In times of low electricity prices or low power requirements, the steam power plant 1 is operated in yinimallast. A typical value for the yinimal load of a coal-fired power plant, where stable operation can still be guaranteed, is 25% of the generator power in nominal load operation. The power output of the compound system is now lowered by having the LAES system in injection mode (air energy injection cycle or air energy injection mode). The concept for the integration of an LAES system in a steam power plant 1 and for the integration of the Einspeicherprozesses in the water / steam cycle of the steam power plant 1 is shown in Figs. 1 and 2. The air compression required for liquefying the air (air compressor 15a, 15b) consumes electrical energy that can be subtracted from the power generation of the steam power plant 1 in an energy balance of the composite system. In addition, the resulting in the intercooling of the air compression in the heat exchangers 16a, 16b of the air liquefaction device 14 heat, which is present at a temperature level of up to about 130 ° C by recycling the cooling medium by means of the line connection 24 completely in the water / steam cycle of the steam power plant 1 returned and integrated. Thereby it is possible to use the low pressure preheating (low pressure feedwater preheating

8) of the condensate to replace partially or completely and possibly turn off or bridge in the Lufterergieeinspeicherungszyklus or Lufterergieeinspeicherungsmodus. The taps of the low-pressure steam turbine 6, which serve in the water / steam cycle of the power plant 1 for preheating the condensate, can thus be reduced. This allows the steam capacity of the steam generator 3 to be reduced without the low-pressure steam turbine 6 falling short of its lower operating limit. The net efficiency of the steam power process (without the LAES process described) can thus be kept constant compared to the usual Minimailastbetrieb while the power output of the steam power plant 1 decreases. The minimum load of the composite system can be reduced by more than 10% points of the generator power (generator 7) of the steam power plant 1 in nominal load operation.

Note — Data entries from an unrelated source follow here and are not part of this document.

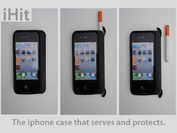 這款名為「iHit」的愛鳳保護套,設計者在右方騰出能夠放得下一支香煙寬度的空間,讓你可以擺放抽到一半的香煙,而下面也有一個更小的空間可以放東西,對於視煙如命的愛鳳使用者來說,真的是佛心來的好設計啊!
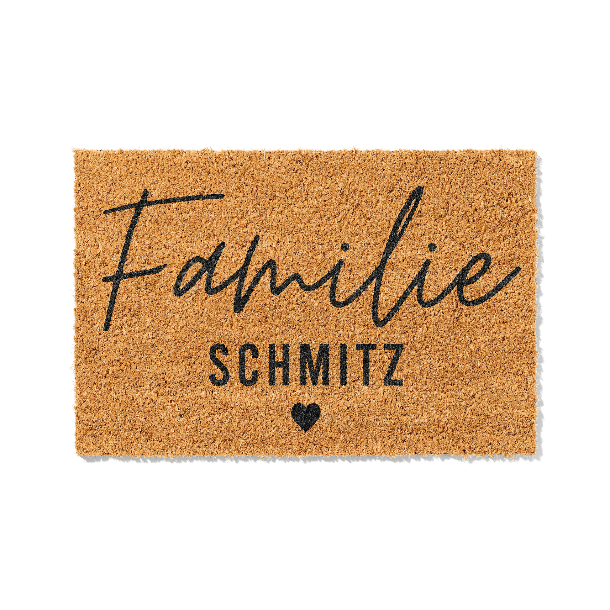Fußmatte aus Kokos personalisierbar – Familienname im Handlettering-Stil mit Herz
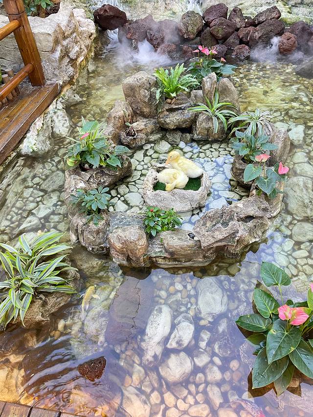 瀑布中间居然还有活的小鸭子,宝宝很喜欢
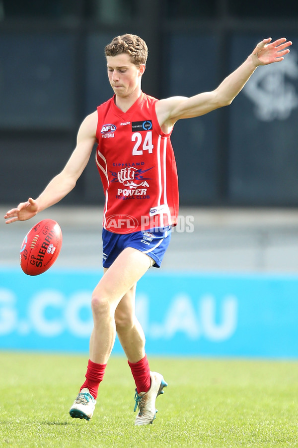 MELBOURNE, AUSTRALIA - AUGUST 27: Sean Masterson of the Power kicks the ball during the round 18 TAC Cup match between Gippsland Power and Bendigo Pioneers at Ikon Park on August 27, 2016 in Melbourne, Australia. (Photo by Jack Thomas/AFL Media/Getty Images)
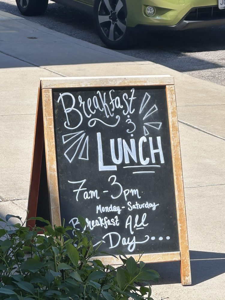 Two eggs, homestyle potatoes, choice of bread, and choice of one side: two bacon slices or a sausage patty or roasted veggies
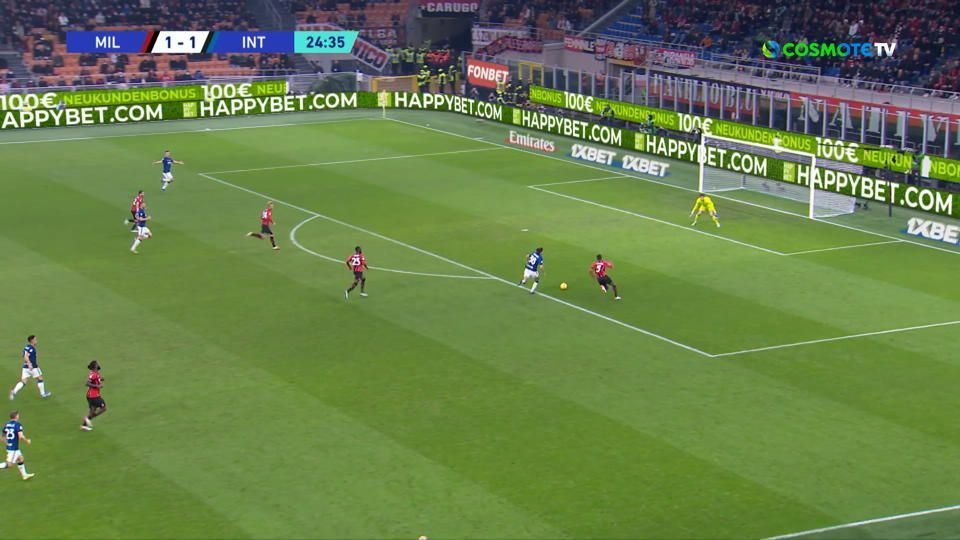 Στο 25’ ο Νταρμιάν άδειασε με ένα κοντρόλ τον Μπάλο Τουρέ που γύρισε και τον ανέτρεψε με τον Ντόβερι να δίνει το πέναλτι. Ο Λαουτάρο το εκτέλεσε αλλά ο Ταταρουσάνου έπεσε στη γωνία του κι έσωσε την ομάδα του.
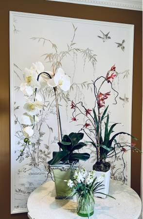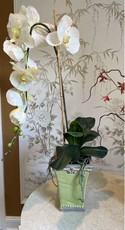 Three Faux Floral Arrangements / Orchid & LV Size tall orchid 35 H Condition good In need of a new + loving home

In times of high electricity prices or high electricity demand, the steam power plant i is operated at 100% load (full load). In addition, the LAES system is in the discharge mode (air energy storage cycle or air energy storage mode). Exemplary embodiments of the combination of the two processes are shown schematically in FIGS. 1 and 3 and 4. For heating the high-pressure air taken from the liquid air reservoir 17 and evaporated in the cold storage unit 18b prior to expansion in the expansion turbine 20b or the expansion turbines 20a, 20b (in a multi-stage expansion), heat is expelled Water / steam cycle of the steam power plant 1 taken. It can be provided that the air is first preheated by means of steam from the taps of the low-pressure steam turbine 6 at a low temperature level and then with steam from taps of the medium and / or high-pressure steam turbine 5, 4, by live steam or steam of the hot or cold reheat up on high temperatures is heated. The heat extracted from the water / steam cycle helps to convert the energy of the high pressure air taken from the liquid air reservoir 17 into mechanical or electrical power, so that the net power production can be increased disproportionately. By removing steam from the water / steam cycle in the flow direction of the water / steam cycle to the steam generator, as in the embodiments by means of Line connection 25 is shown, or at the taps of the low-pressure steam turbine 6, which is not shown in the embodiments, the steam output of the steam generator 3 can be increased without the maximum permissible upper operating limit of the steam turbine 4, 5, 6 and the generator. 7 is exceeded. The conversion efficiency of additionally used fuel 2 (to increase steam power) to electrical energy generated by the LAES system is between 65 and 100%. The maximum load of the composite system can be! be increased to about 1 17% of the rated power of the steam power process. In addition, the net efficiency of the composite system can be increased to, for example, about 50%. This represents a considerable improvement in efficiency compared with a standard value of 46% for modern coal-fired power plants.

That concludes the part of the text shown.